Finansman krizinin diğer iki önemli nedeni ise iktidar müteahhitlerini korumak adına izlenen negatif reel faiz siyaseti ve önemli döviz kaynağı olan turizmin kapanmasıydı. Turizm sektörünü kurtarmak adına YKS’yi bile erkene çekerek lise öğrencilerini maskeyle sınava girmek durumunda bıraktı. Daha Şubat 2020’de istihdamda önceki yıla göre 602 binlik bir azalma vardı. Ancak Mart 2020 verileri henüz açıklanmadı. İçişleri Bakanlığının tek bir kararnamesiyle 150 bine yakın hizmet sektörü işyeri kapatıldı. Sokakta çalışan insanlarla birlikte toplamda 5,5 milyon kişiyi işsiz bıraktığı tahmin ediliyor. Ciddi bir sosyal destek alamayan bu kitlenin ne yediğini ne içtiğini soran da olmadı.

KARANTİNA DA SINIFSALDI

İşçi sınıfının büyük bölümü ise bu dönemde evde kalamadı, zorla çalıştırıldı. İşçiler açlıkla korona tehdidi arasında seçim yapmaya zorlandı. AKP’nin karantinası da sınıfsaldı. Orta ve üst sınıflar evde kalabilirken, özellikle kol emeğiyle çalışan işçiler fabrikalarda, inşaatlarda, tekstil atölyelerinde ölümle koyun koyuna çalıştırıldı.

Gelinen noktada işsizlik ve yoksulluk, Türkiye’nin en ağır gündemlerinden birisidir. Kapitalizmin genel iflasına, Türkiye’de AKP yandaş kapitalizminin vahşi yağması eklendi.

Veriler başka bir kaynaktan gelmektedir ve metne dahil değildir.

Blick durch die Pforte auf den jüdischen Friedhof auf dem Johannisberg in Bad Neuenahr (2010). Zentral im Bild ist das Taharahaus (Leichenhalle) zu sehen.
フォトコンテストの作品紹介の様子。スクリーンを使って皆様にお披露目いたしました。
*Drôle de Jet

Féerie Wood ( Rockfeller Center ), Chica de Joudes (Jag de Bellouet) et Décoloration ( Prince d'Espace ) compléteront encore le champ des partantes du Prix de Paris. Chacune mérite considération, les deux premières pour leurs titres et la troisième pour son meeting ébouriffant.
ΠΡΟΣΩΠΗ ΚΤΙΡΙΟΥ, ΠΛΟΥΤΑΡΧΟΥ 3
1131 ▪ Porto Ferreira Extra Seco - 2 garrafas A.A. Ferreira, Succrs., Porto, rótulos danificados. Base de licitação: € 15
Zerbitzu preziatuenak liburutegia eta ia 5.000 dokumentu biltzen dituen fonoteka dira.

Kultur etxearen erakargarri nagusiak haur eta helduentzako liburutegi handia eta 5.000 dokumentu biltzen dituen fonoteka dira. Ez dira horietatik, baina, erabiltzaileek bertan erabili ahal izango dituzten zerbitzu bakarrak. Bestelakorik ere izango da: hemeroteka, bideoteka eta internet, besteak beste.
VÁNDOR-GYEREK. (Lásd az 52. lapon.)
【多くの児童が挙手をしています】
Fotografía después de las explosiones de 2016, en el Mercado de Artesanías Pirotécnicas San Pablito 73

KRİZİN YÜKÜ EMEKÇİLERİN SIRTINDA

Bugün yaşadığımız kriz hem talebin hem de arzın, salgından dolayı kesildiği özgün bir durumdur. Sermayenin ekonomik daralma eğilimleri, salgınla birlikte olağanüstü hızlı bir biçimde ekonomilerde büyük bir daralmaya yol açtı. Sağlık krizi çözülmeden de bu daralmanın son bulması mümkün gözükmüyor. Kapitalist dünya genelinde hükümetler bir kez daha sermayeyi kurtarmanın telaşına düştü. Bu krizin bütün yükü ise bütün değerleri üreten işçilerin, köylülerin, emekçilerin sırtına binecektir.

SİSTEM İFLASINI SERGİLEDİ

Koronavirüs, kapitalist modernitenin iflasını sergiledi. Şimdi demokratik ve sosyalist modernitenin savunucuları daha güçlü biçimde sahne almalı. Doğayla uyumlu, toplumsal, planlı, üretken ve cinsiyet eşitlikçi yeni bir ekonominin zamanı gelmiş de geçmektedir. Kar hırsı bütün gezegeni yok etmeden toplum için üretime geçilmelidir.

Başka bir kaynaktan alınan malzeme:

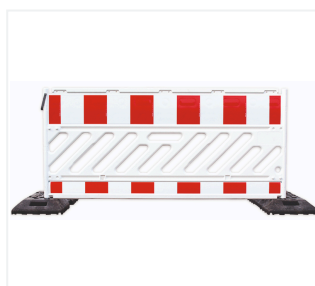
Absperrschrankengitter in Fußplatte
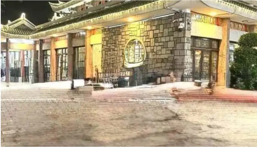
Mieu ba chua xu nui sam moi nhat
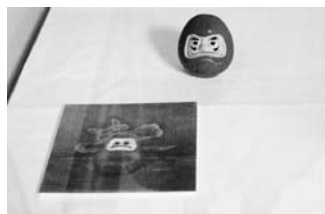
絵のモチーフになっただるま
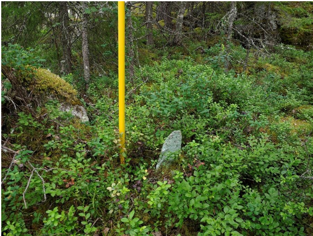
Vitmålad spetsig sten

Beskrivning: Precis invid Hagby Långmosses kant, uppstickande ur blåbärsris och mossor, en vitmålad spetsig sten.
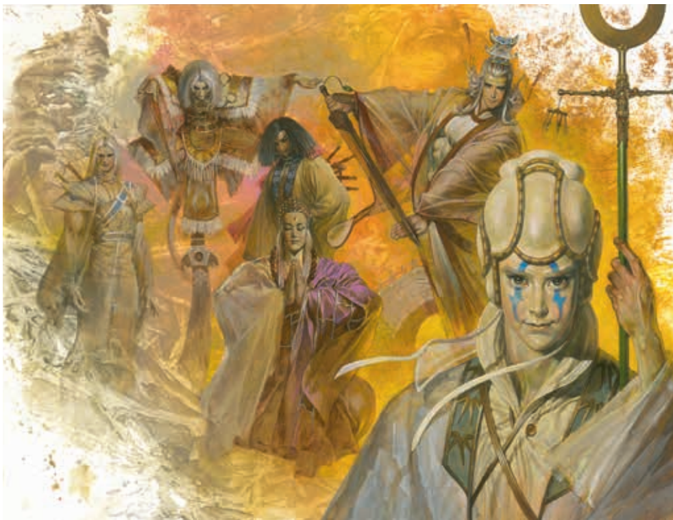
圖15 2000 鄭問 臺灣霹靂國際多媒體、香港玉郎集團與鄭問合作的漫畫《大霹靂》創刊號手稿 © 鄭問工作室
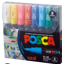
8 cores PC-1M 1 2 13 15 33 8 6 24
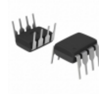
AT25160B-PU Micrel / Microchip Technology IC EEPROM 16KBIT 20MHZ 8DIP
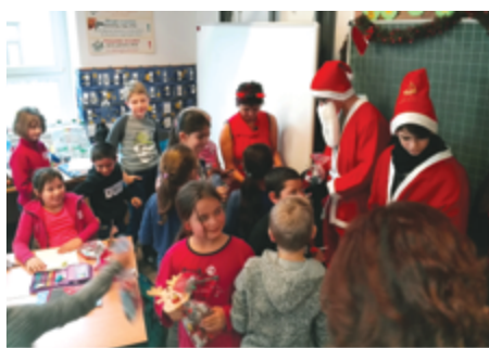
A Roma Nemzetiségi Önkormányzat segítségével több oktatási intézményt látogatott meg, hogy minden gyermeket megajándékozzon.
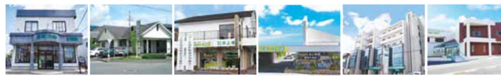
【(株)井上地所/岩出店】 【(株)井上地所/五條本店】 【(株)井上地所/吉野案内所】 【(株)井上地所/奈良中央店】 【(株)井上地所/橋本店】 【(株)井上地所/五條店】
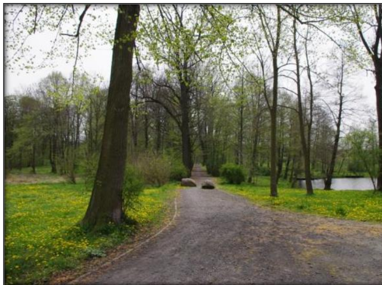
Park w Zarębie Górnej

Jednym z najcenniejszych założeń zieleni jest postromantyczny park w Zarębie Górnej o powierzchni 11,8 ha. Założony został w latach 30-tych XIX wieku, wokół neogotyckiego pałacu. Z pierwotnego układu zachowały się pojedyncze drzewa, aleja lipowa od strony południowo-zachodniej oraz stawy – element dawnego układu wodnego.

MÜCADELEYE HIZ KAZANDIRACAK

İşçilerin, köylülerin, kadınların üretim için ne kadar önemli olduğuna salgın sürecinde bir defa daha tanık olduk. Bütün değerleri üretiyorlar. Tarımda kendine yeterliliğin, gıda güvenliğinin ne kadar önemli olduğunu da gördük. Herkesin evlere kapanmasıyla kadınların ev içi emeğinin ne büyük bir değer ürettiği ne denli vazgeçilmez olduğu bir kez daha ortaya çıktı. Bütün bu değerleri yaratanların, salgın koşullarında korunmadığını, ücretli izne çıkartılmadığını, sosyal destek sağlanmadığını, can güvenliklerinin riske atıldığını, ev içi şiddetin tırmandığını da yaşadık. Bütün bunlar emekçilerin sınıf bilincinin gelişimine, kadınların cins bilincinin yükselmesine, birlik ve mücadelelerinin yükselmesine görülmedik bir hız kazandıracaktır.

KAPİTALİZME KARŞI DİRENİŞ

Sermaye doymak bilmez bir aç gözlülükle doğayı yağmalamaya, vergileri yükseltmeye, ücretleri düşürmeye başlayacak. Salgın öncesinde Şili’de, Lübnan’da, Irak’ta, Ekvator’da, Fransa’da ve pek çok başka ülkede gelişen halk isyanları, aslında emekçilerin yanıtını oluşturuyordu. Koronavirüs kapatmalarının açılmasıyla birlikte bu isyan dalgasının kaldığı yerden devam ettiğine ve halkların kapitalizme karşı direndiğine tanık olacağız. Meydanları dolduracak halklara öncülük edebilmek ise daha bugünden kapitalist modernitenin çok güçlü eleştirisini yapmaktan geçiyor.”